Without any pictures, print the lines below from the one that has "Au coeur des" through the one that has "11月9日(水)、6年生は体", exactly and nothing else.

─── Source data

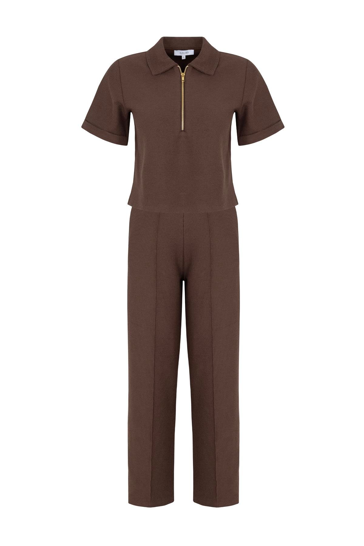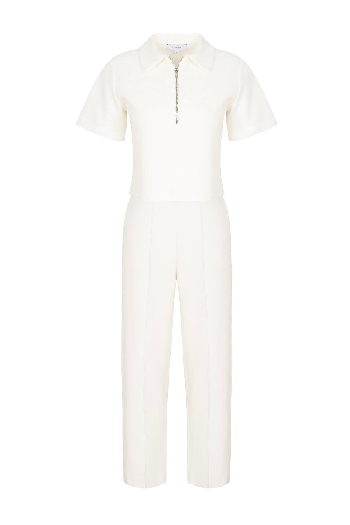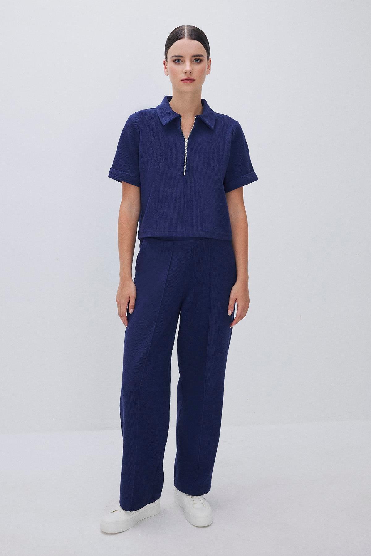 Combining comfort and style, this set includes a short-sleeve zip-up sweatshirt and wide-leg pants for all-day ease.
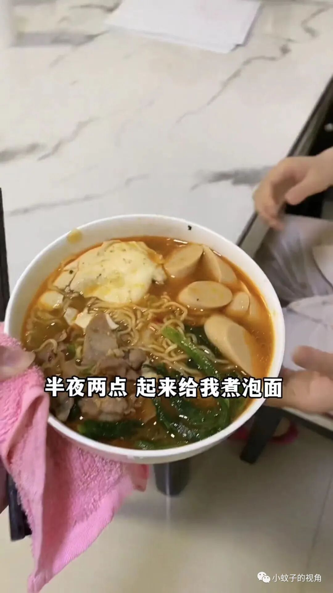 老公慢慢地开始笨手笨脚地学着做饭,从最简单的面条开始,还给怀孕的她做鱼,半夜起来煮泡面,胆战心惊地使用高压锅炖猪蹄。
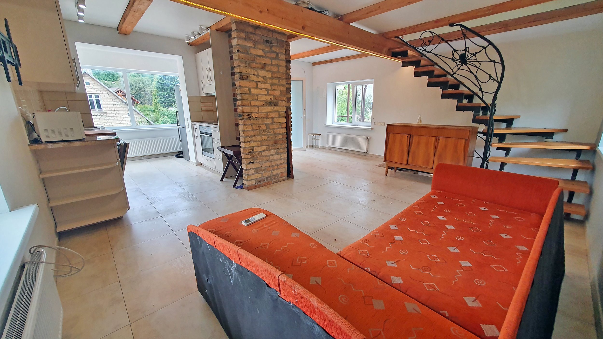 Pirmame aukšte : Kambarys, virtuvė, terasa.
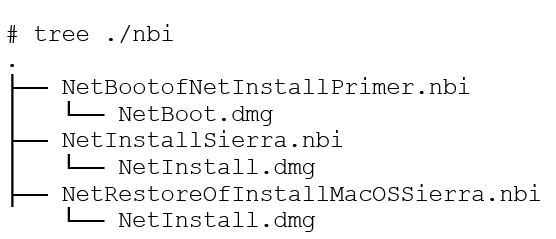 NOTE:Ensure that the NBI folder (Eg:NetInstallSierra.nbi) name where the files are copied in the TFTP and HTTP/NFS servers should have same name. The path to the ‘.dmg’ file will be derived based on the name of the nbi folder in ‘<tftp>/apple’ folder. Giving a different name will cause the download to fail.
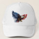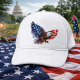 A striking side-profile illustration of a bald eagle mid-motion. With wings fully outstretched, the eagle surges forward in a commanding pose, its sharp golden eye, hooked yellow beak, and extended talons conveying strength, vigilance, and resolve. One wing is rendered in deep navy blue adorned with crisp white stars, while the other flows in bold red and white stripes, transforming the wings into a living embodiment of the American flag. Dynamic paint splashes and dripping accents in red, white, and blue radiate from the feathers, adding a modern, high-impact energy.
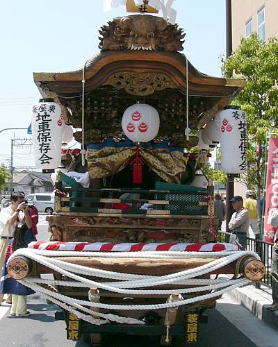 | 岩田地車(石田神社) 昭和23年「大音」製作、彫師松田正幸 地車後部で奏でられる笛の音が独特 |
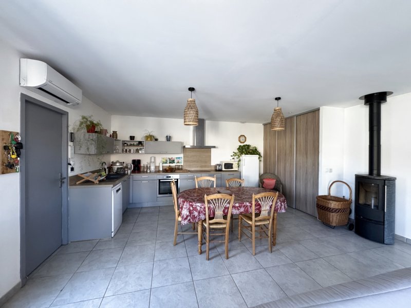Au coeur des Aspres, située dans un quartier calme et recherché de Llupia, village dynamique à proximité immédiate de Thuir et dix minutes de Perpignan. Cette charmante villa de plain-pied à deux pas des commerces, écoles et commodités, offre un cadre de vie idéal pour une famille ou un couple recherchant tranquilité et confort. Edifiée en trois faces sur un terrain arboré de 389m2, elle developpe 84m2 habitables, complétés par une pièce aménagée de 16m2 comprenant espace de rangement, buanderie et wc supplémentaire. Vous serez séduits par un spacieux salon/ séjour de 42m2 lumineux et convivial équipé d'un poêle à bois et de la climatisation réversible, la cuisine est fonctionelle, la pièce à vivre est attenante à une belle terrasse de 25m2 exposée sud-est idéale pour accueillir les convives et profiter du soleil! Coté nuit, trois chambres, un dégagement, une salle d'eau et un wc indépendant. Coté jardin, une piscine hors-sol semi enterrée, une dépendance pratique pour le stockage et les outils de jardin, un abri Bois, possibilité de potager et d'aménagements selon vos envies. La villa est équipée de panneaux photovoltaiques, ce qui lui permet une auto-consommation maitrisée et également une partie revente. Vous apprécierez l'allée pour stationner les véhicules, le calme du secteur et l'architecture de la maison! Contactez nous pour plus de renseignements et organiser une visite! «Les informations sur les risques auxquels ce bien est exposé sont disponibles sur le site Géorisques : www.georisques.gouv.fr »
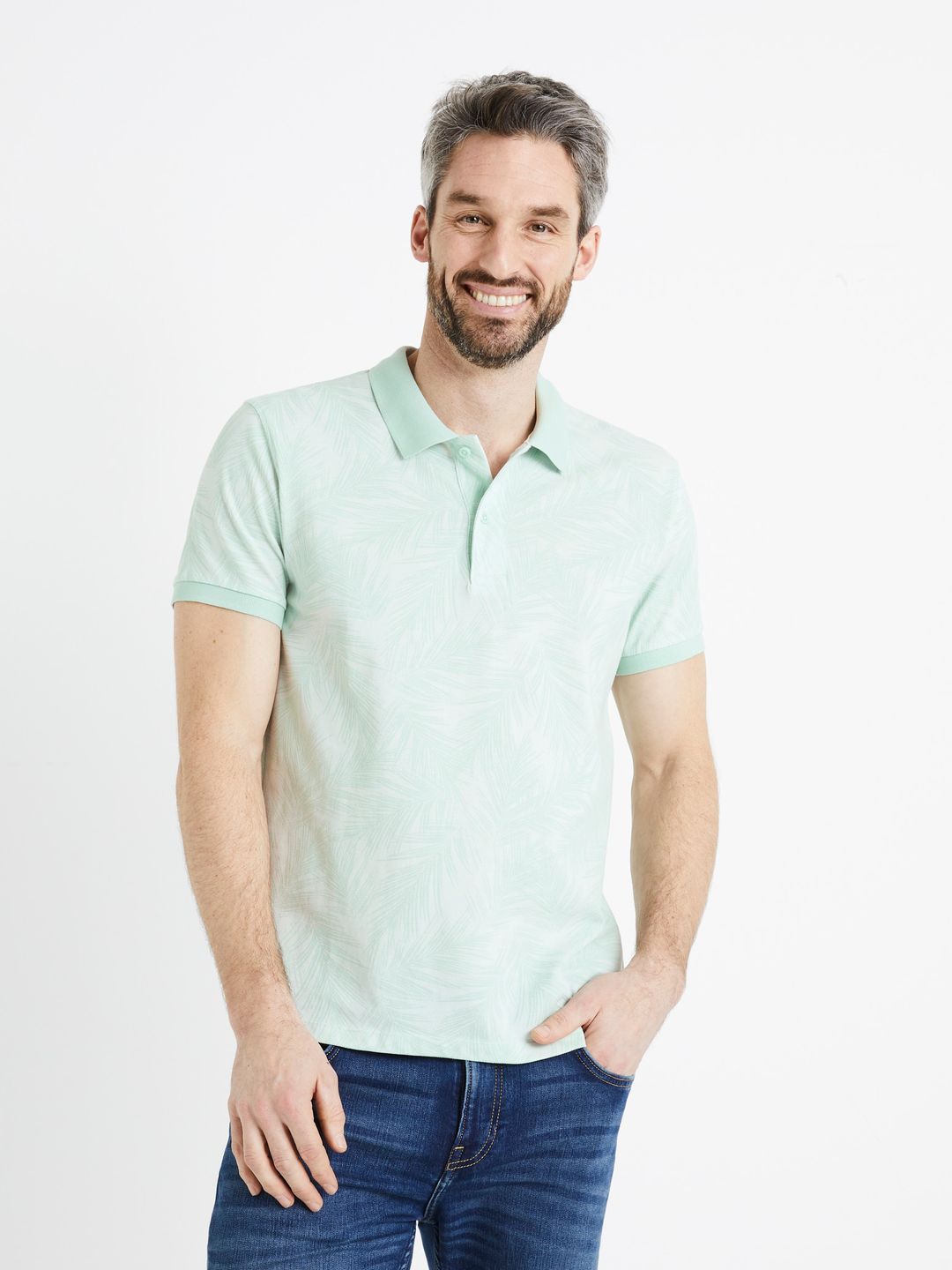 Vzorované polo tričko. U krku měkký límeček a zapínání na 2 knoflíčky. Drobná reliéfní struktura pique. Krátké rukávy a rovný střih.
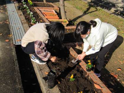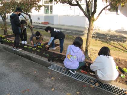 11月9日(水)、6年生は体育館前の花壇に苗植えを行いました。春、素敵な花で学校が彩られるのが楽しみです。
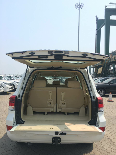 配置:17款酷路泽4000 无天窗高配七座手续: 底挂备胎,后车门向上开启,一键式启动+无钥匙进入,丝绒手动座椅,全时四驱轮胎尺寸:17铝合金轮,电眼,2气囊,低速巡航系统转弯辅助系统,胎压报警,防抱死制动(ABS)+电子制动力分配(EDB)+制动助力器 ( ba ) vsc trc,中央差速器,同色门手把,淡绿色挡风玻瑞,后泥挡,新款镀铬中网 前雾灯高位刹车灯/手动折叠后视镜(连转向灯)氙气大灯,侧面银色脚踏,置物箱/电子钟,新款桃木装饰真皮桃木多功能方向盘,遮阳板化妆镜(连灯), aux 电动门窗们门锁/前后雨刷/后窗除雾器,前区自动空调,巡航定速,冰箱,后灯镀铬装饰/后牌照架镀铬,防盗装置,拖车钩,17轮

──────

Solution to the exercise
Au coeur des Aspres, située dans un quartier calme et recherché de Llupia, village dynamique à proximité immédiate de Thuir et dix minutes de Perpignan. Cette charmante villa de plain-pied à deux pas des commerces, écoles et commodités, offre un cadre de vie idéal pour une famille ou un couple recherchant tranquilité et confort. Edifiée en trois faces sur un terrain arboré de 389m2, elle developpe 84m2 habitables, complétés par une pièce aménagée de 16m2 comprenant espace de rangement, buanderie et wc supplémentaire. Vous serez séduits par un spacieux salon/ séjour de 42m2 lumineux et convivial équipé d'un poêle à bois et de la climatisation réversible, la cuisine est fonctionelle, la pièce à vivre est attenante à une belle terrasse de 25m2 exposée sud-est idéale pour accueillir les convives et profiter du soleil! Coté nuit, trois chambres, un dégagement, une salle d'eau et un wc indépendant. Coté jardin, une piscine hors-sol semi enterrée, une dépendance pratique pour le stockage et les outils de jardin, un abri Bois, possibilité de potager et d'aménagements selon vos envies. La villa est équipée de panneaux photovoltaiques, ce qui lui permet une auto-consommation maitrisée et également une partie revente. Vous apprécierez l'allée pour stationner les véhicules, le calme du secteur et l'architecture de la maison! Contactez nous pour plus de renseignements et organiser une visite! «Les informations sur les risques auxquels ce bien est exposé sont disponibles sur le site Géorisques : www.georisques.gouv.fr »
 Vzorované polo tričko. U krku měkký límeček a zapínání na 2 knoflíčky. Drobná reliéfní struktura pique. Krátké rukávy a rovný střih.
 11月9日(水)、6年生は体育館前の花壇に苗植えを行いました。春、素敵な花で学校が彩られるのが楽しみです。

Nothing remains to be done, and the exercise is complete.